After this comes token declarations, nonterminal type declarations, precedence/association rules, and other options.

Tokens are declared by the type of value information they return.

%token <dvalue> NUMBER
%token <varindex> NAME
Declares token NUMBER to return value information of type <dvalue>

Nonterminal types must also be declared as in:

%type <dvalue> expression
%type <dvalue> term
%type <dvalue> varornum

Which declares expression to return type <dvalue>.

A list of equal precedence operators preceded by %left if the operators are left associative, or %right if they are right associative, can be given. The order in the list is from lowest precedence to highest. For example the three lines in this order:

%right implies
%left or xor
%left and
%nonassoc not
Means and has the highest precedence and is left associative. or and xor are of equal precedence and lower precedence than and and finally implies is the lowest precedence and is right associative. %nonassoc means that the not operator does not have any associativity rule.

The Rules Section

Consists of a collection of productions in a BNF like format. For each production and in fact for each symbol you can attach a block of code. For example:
expression: expression '+' term     { $$ = $1 + $3; } 
          | term                    { $$ = $1; } 
          ;
Also see the program example to follow.

The User Subroutine Section

Simply put other routines that you want here including any routines that refer to routines created by flex such as a main which refers to yyparse. See below.

Redirecting Input

Input for the scanner is found from the variable yyin which is defined
extern FILE *yyin;
By setting this variable to a file pointer you open you can set the source of input. However, it is tricky to change the source of input once you start reading input by calling yyparse(). This is because the input tokens are buffered up. So to do an include you have to swap the token buffers. If you ever what to do that check the web for this topic.

Example

Here is a simple numeric calculator program that uses flex to build a scanner and bison to process the syntax. A by-product of the syntax analysis happens to be the calculations. For more complex programs this is not possible.

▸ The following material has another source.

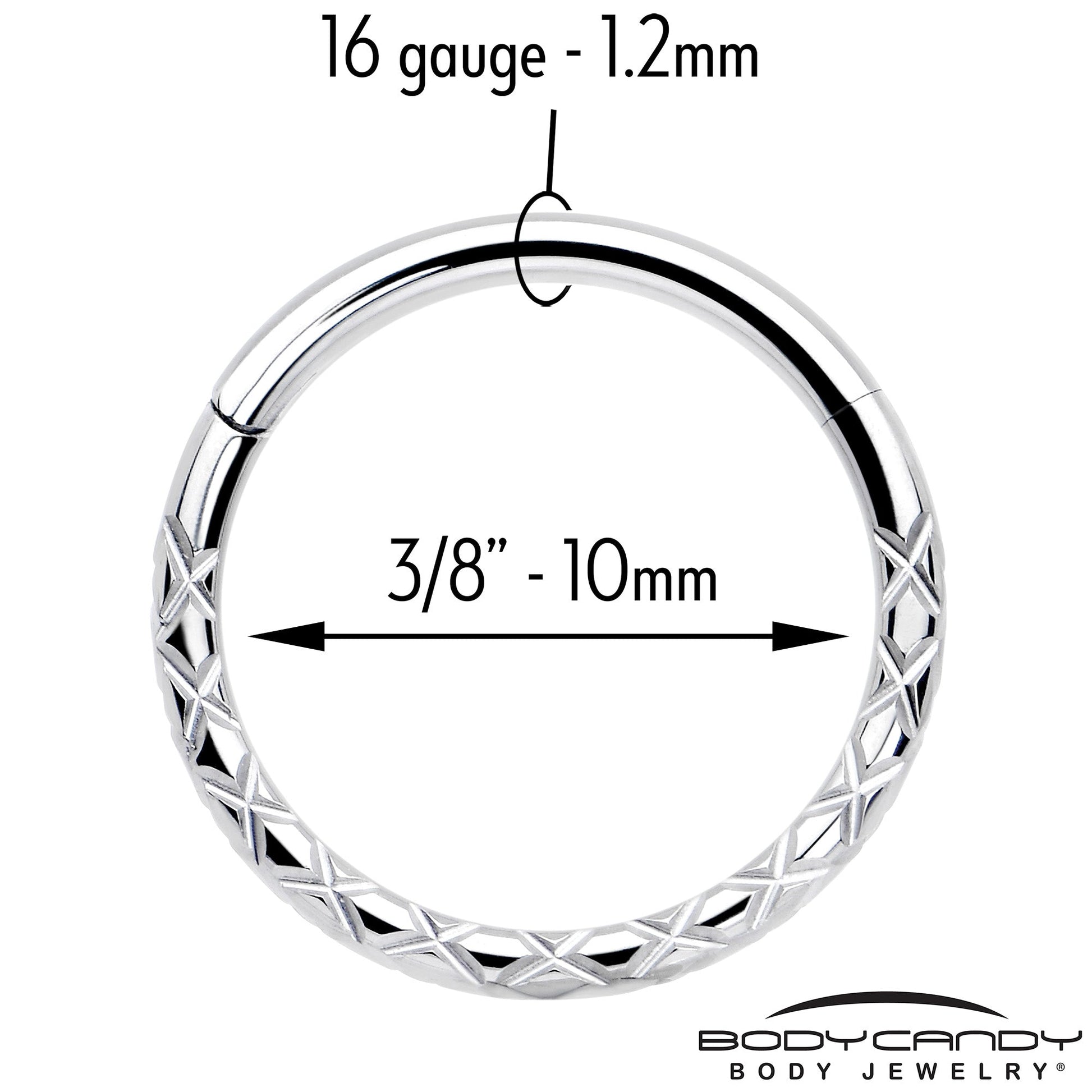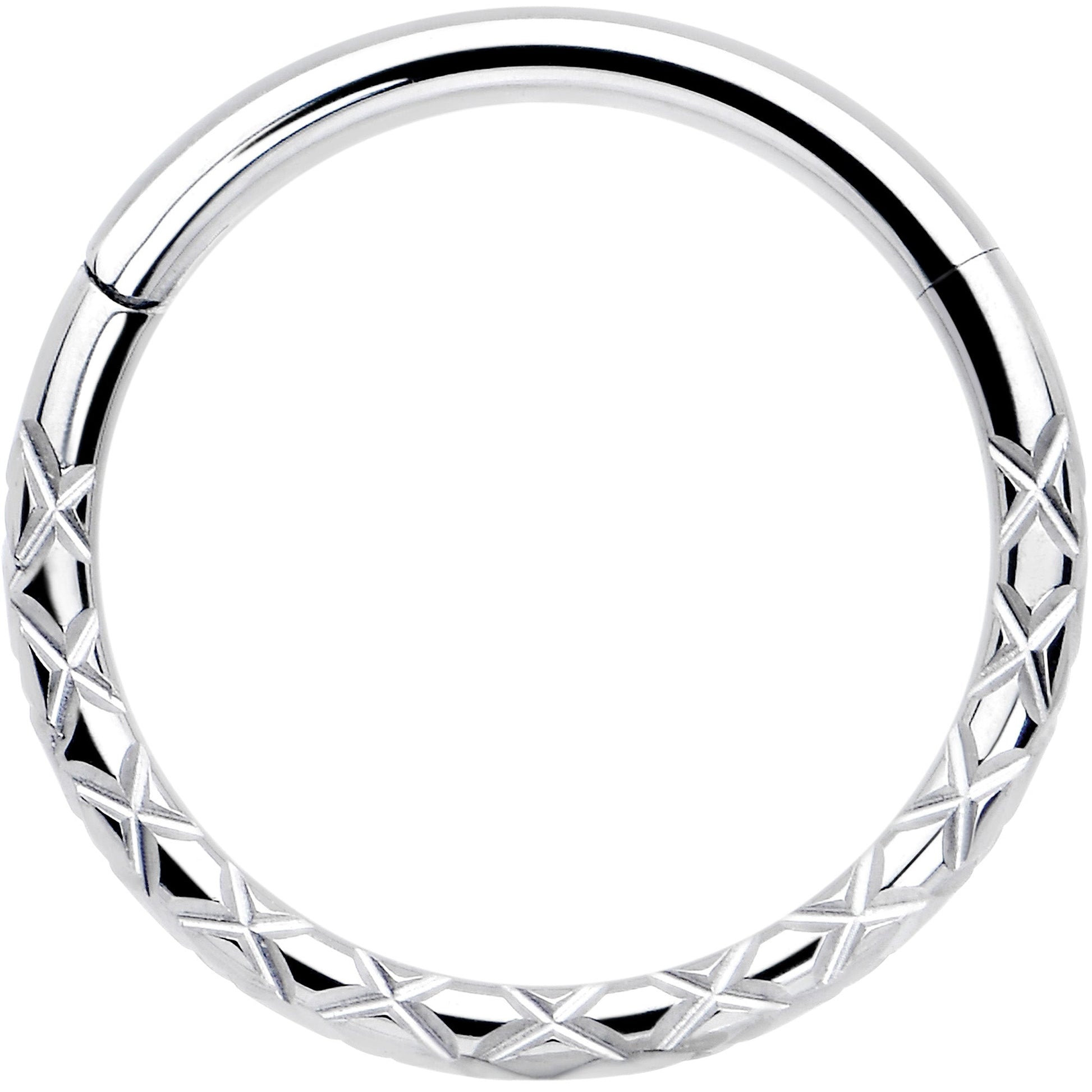 Simple style, a simple look, it's simply fantastic when you're rocking this 16 gauge septum ring. It's made with a 10mm ASTM F-136 titanium hinged circular ring. It features a snakeskin-inspired appearance for classic glamour and it also features a non-removable, hinged segment that makes insertion and removal a breeze. Hinged segment ring piercing jewelry provides a seamless look and you can rock it in multiple piercings including tragus, helix, and some daith piercings. If you need jewelry, the answer is simple with this classically styled cartilage piercing jewelry.

The bison source code is calc.y
The flex source code is calc.l
A makefile that you can use called makefile. You can envoke it with make.

Here is a Bourne shell script for our Sun machines to compile a program that uses both Bison and Flex using either C or C++:

#!/bin/sh -x
bison -v -t -d $1.y                # create $1.tab.c and $1.tab.h
flex $1.l                          # create lex.yy.c
# gcc -g lex.yy.c $1.tab.c -lfl -lm -o $1  # create calc using C
g++ -DCPLUSPLUS -g $1.tab.c lex.yy.c -lfl -lm -o $1  # create calc using C++
For bison the -v option creates a .output file that contains a verbose description of the parser table created including states and conflicts. This is extremely useful in debugging reduce and shift errors. The -t option loads the debug features so that if the variable yydebug is set to 1 debugging information will be dumped showing every step of parsing. In order to use the yydebug variable you need to declare the variable with extern int yydebug in your bison file. The option -d creates the mandatory .h file for the token definitions that will be used by the flex file.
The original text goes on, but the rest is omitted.